[Data excerpts]
....................

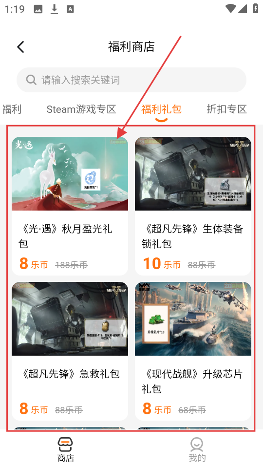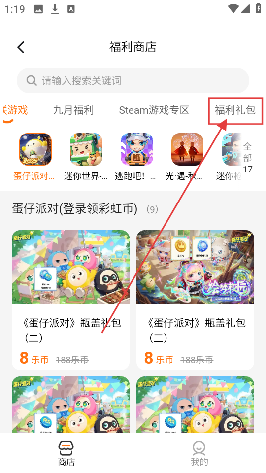2、进入福利商店后,我们点击【福利礼包】标签,就可以看到各类游戏的福利礼包啦。
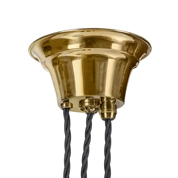 The lamp is supplied with one and a half meters of three-strand twisted black textile cord. All metal parts are made of solid, polished, unlacquered brass. Length 88-150cm, diameter shade 25cm.
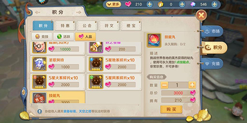 人品积分兑换优先度排序:技能丸>妖之卷轴>风铃
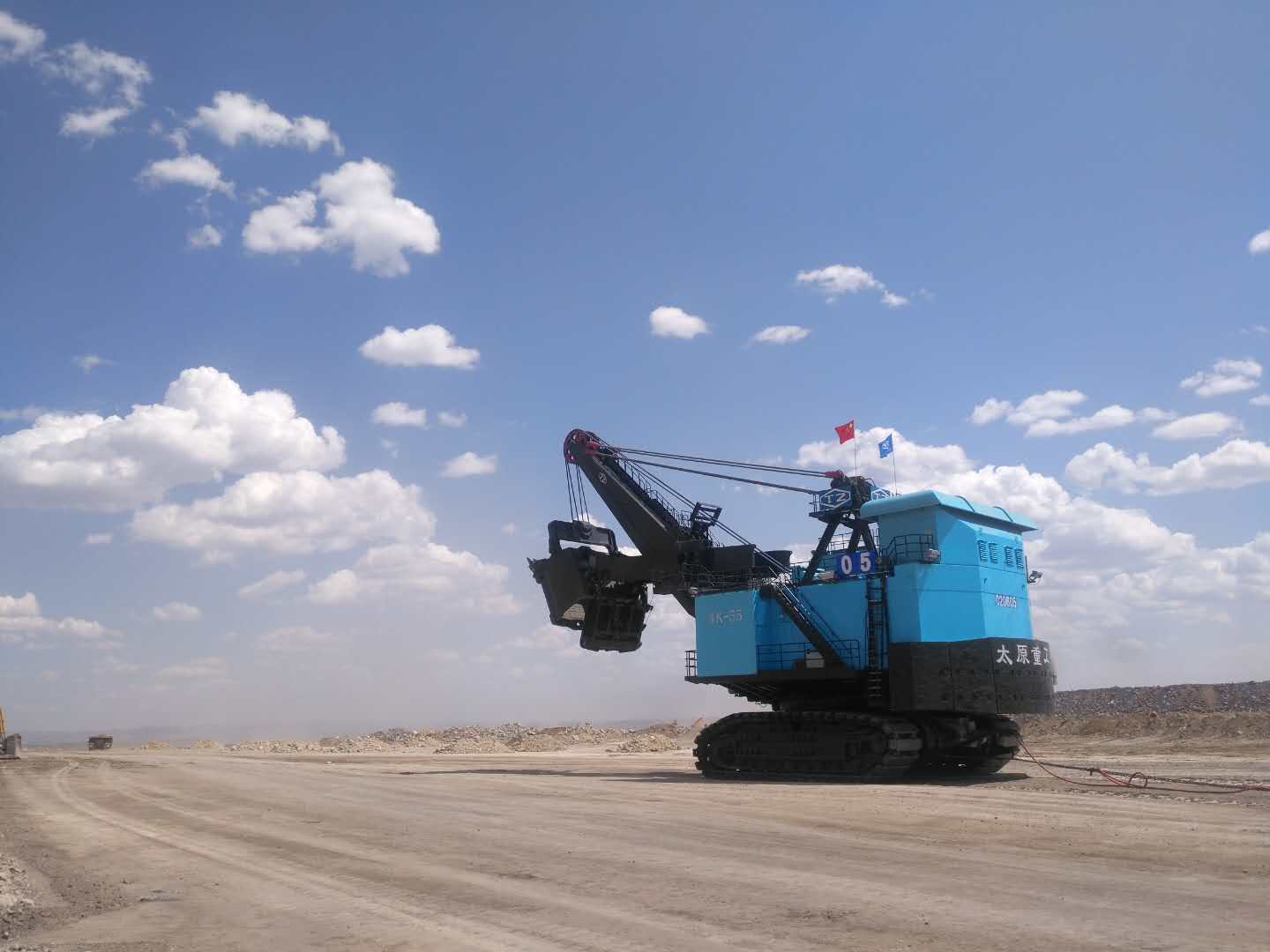 近日,从矿山设备分公司准格尔 WK-55电铲现场安装项目组传来好消息:在疫情防控的特殊时期,项目组全体成员肩负使命、攻坚克难,历时 61 天,提前一周完成现场安装调试任务!意味着又一台“TZ”牌世界第二大矿用挖掘机巍然屹立在了准格尔黑岱沟露天矿!
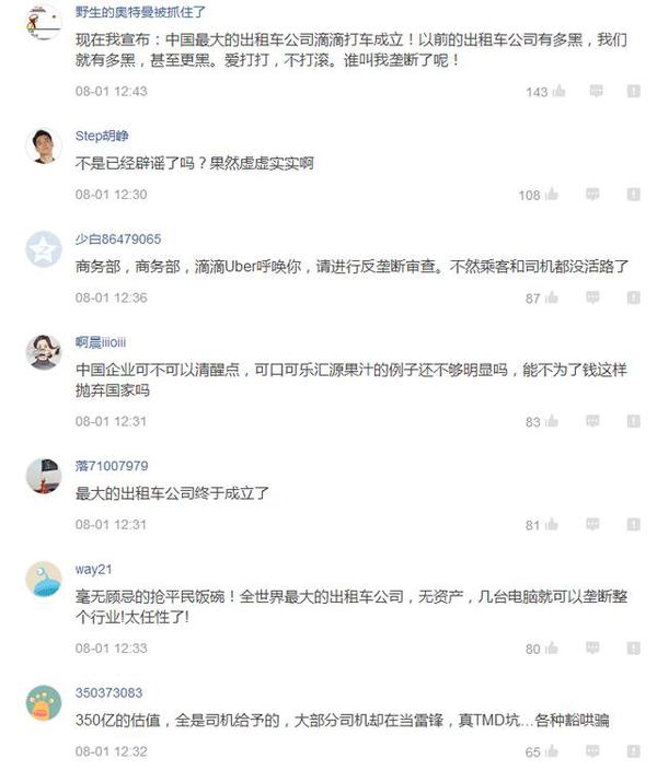 有人說(shuō),U滴合并了,我卻高興不起來(lái)!因?yàn)閷?duì)于用戶(hù)而言,我只關(guān)心你是否物美價(jià)廉。當(dāng)競(jìng)爭(zhēng)陷入僵局、燒錢(qián)似無(wú)止境的時(shí)候,兩家打車(chē)軟件巨頭突然決定握手言和溫柔相待,這讓一旁的“吃瓜群眾”著實(shí)懵逼。 從此以后兩家軟件你中有我,我中有你,不分彼此,消息一出,網(wǎng)上嘩然一片,有網(wǎng)友揚(yáng)言:“一家獨(dú)大,反壟斷不坐了!”,而另一方的專(zhuān)車(chē)司機(jī)們也放出豪言:“不補(bǔ)貼,不干了!”。
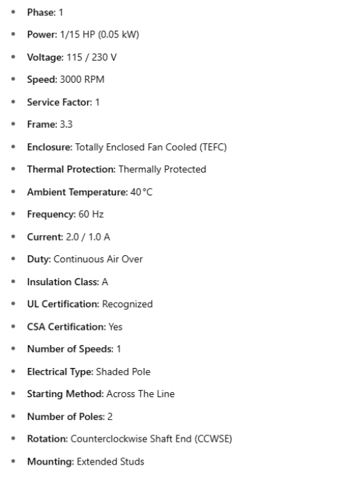 JB1R050N, Magnetek, 1/15Hp, 3000 Rpm, 115-230V, Frame:3.3, Tefc,
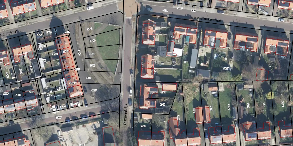 Het perceel waarop Rutgerinkdijk 12 staat heeft een oppervlakte van 4255 m². Dit is een zeer groot perceel. De perceeloppervlakte wordt geregistreerd door het Kadaster. Gedetailleerde informatie over de maten van dit perceel kunt u vinden in het rapport Kadastrale kaart met maatvoering van Rutgerinkdijk 12.
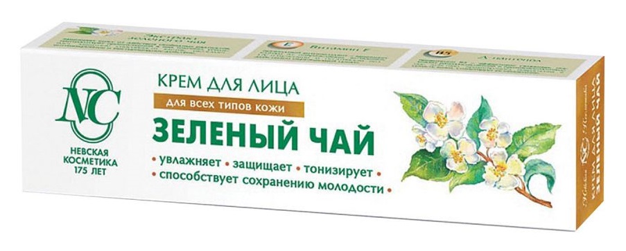 继续审查俄罗斯制造的产品,这是我们评级中预算最多的。商品的成本仅为60卢布,几乎不可能找到更便宜的面霜。该产品在网上商店和美容院均有销售,分布在各地。该产品以纸板箱形式出售,内含消费者信息和绿茶叶。里面是一个容量为 40 毫升的塑料管。
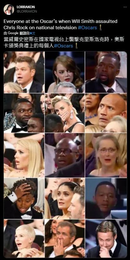 在奧斯卡頒獎典禮上,喜劇演員克里斯·洛克在介紹最佳紀錄片獎時,拿威爾·史密斯妻子開了一個玩笑,這位演員衝到台上掌摑洛克,這顯然並非事先編排的場面震驚了所有觀眾和在場嘉賓。
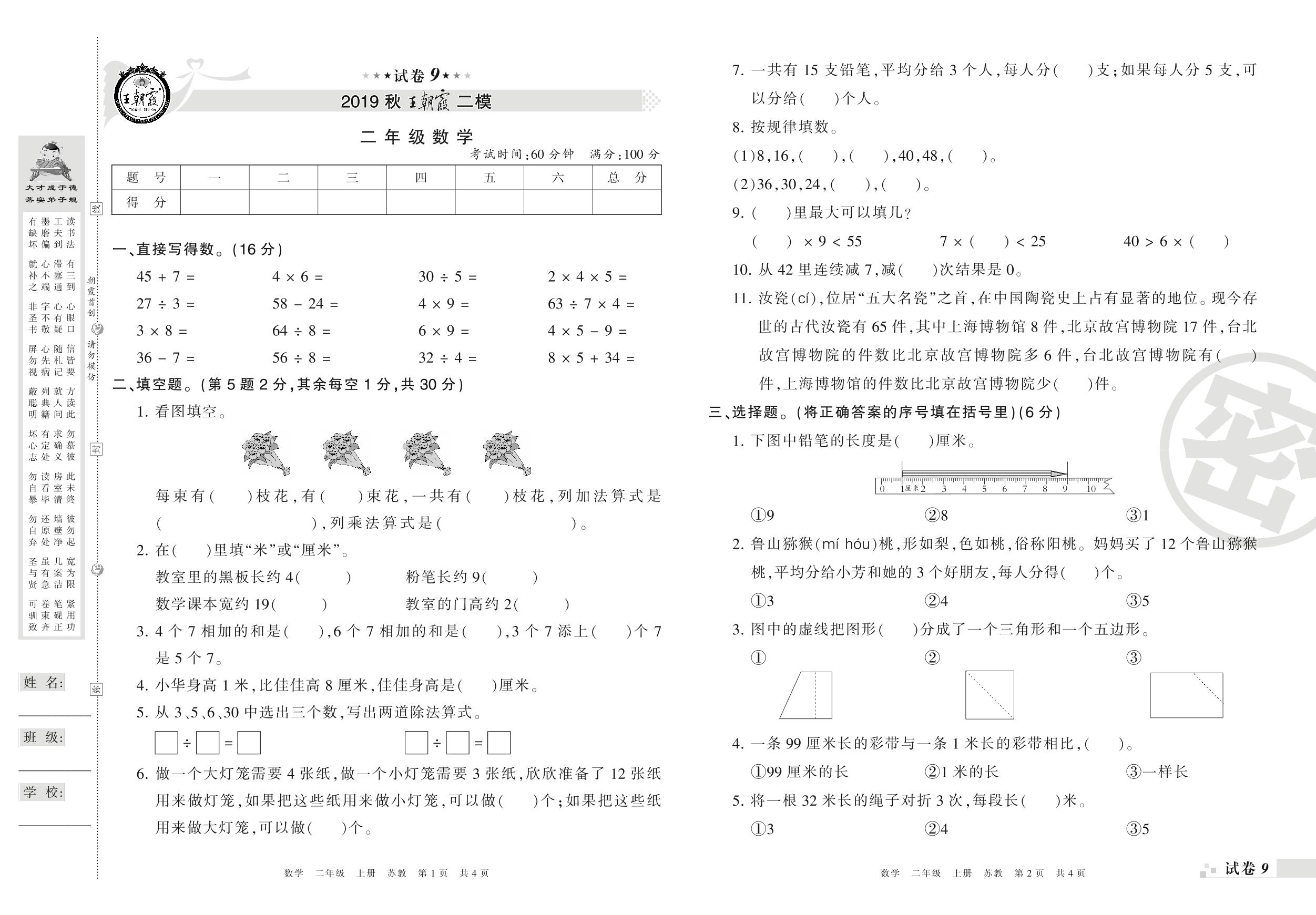 王朝霞期末模拟卷二年级上册数学(苏教版)_R21080393505【9】

....................

■ Brief: Each entry above must be printed exactly, apart from its pictures.

■ Task result:
2、进入福利商店后,我们点击【福利礼包】标签,就可以看到各类游戏的福利礼包啦。
 The lamp is supplied with one and a half meters of three-strand twisted black textile cord. All metal parts are made of solid, polished, unlacquered brass. Length 88-150cm, diameter shade 25cm.
 人品积分兑换优先度排序:技能丸>妖之卷轴>风铃
 近日,从矿山设备分公司准格尔 WK-55电铲现场安装项目组传来好消息:在疫情防控的特殊时期,项目组全体成员肩负使命、攻坚克难,历时 61 天,提前一周完成现场安装调试任务!意味着又一台“TZ”牌世界第二大矿用挖掘机巍然屹立在了准格尔黑岱沟露天矿!
 有人說(shuō),U滴合并了,我卻高興不起來(lái)!因?yàn)閷?duì)于用戶(hù)而言,我只關(guān)心你是否物美價(jià)廉。當(dāng)競(jìng)爭(zhēng)陷入僵局、燒錢(qián)似無(wú)止境的時(shí)候,兩家打車(chē)軟件巨頭突然決定握手言和溫柔相待,這讓一旁的“吃瓜群眾”著實(shí)懵逼。 從此以后兩家軟件你中有我,我中有你,不分彼此,消息一出,網(wǎng)上嘩然一片,有網(wǎng)友揚(yáng)言:“一家獨(dú)大,反壟斷不坐了!”,而另一方的專(zhuān)車(chē)司機(jī)們也放出豪言:“不補(bǔ)貼,不干了!”。
 JB1R050N, Magnetek, 1/15Hp, 3000 Rpm, 115-230V, Frame:3.3, Tefc,
 Het perceel waarop Rutgerinkdijk 12 staat heeft een oppervlakte van 4255 m². Dit is een zeer groot perceel. De perceeloppervlakte wordt geregistreerd door het Kadaster. Gedetailleerde informatie over de maten van dit perceel kunt u vinden in het rapport Kadastrale kaart met maatvoering van Rutgerinkdijk 12.
 继续审查俄罗斯制造的产品,这是我们评级中预算最多的。商品的成本仅为60卢布,几乎不可能找到更便宜的面霜。该产品在网上商店和美容院均有销售,分布在各地。该产品以纸板箱形式出售,内含消费者信息和绿茶叶。里面是一个容量为 40 毫升的塑料管。
 在奧斯卡頒獎典禮上,喜劇演員克里斯·洛克在介紹最佳紀錄片獎時,拿威爾·史密斯妻子開了一個玩笑,這位演員衝到台上掌摑洛克,這顯然並非事先編排的場面震驚了所有觀眾和在場嘉賓。
 王朝霞期末模拟卷二年级上册数学(苏教版)_R21080393505【9】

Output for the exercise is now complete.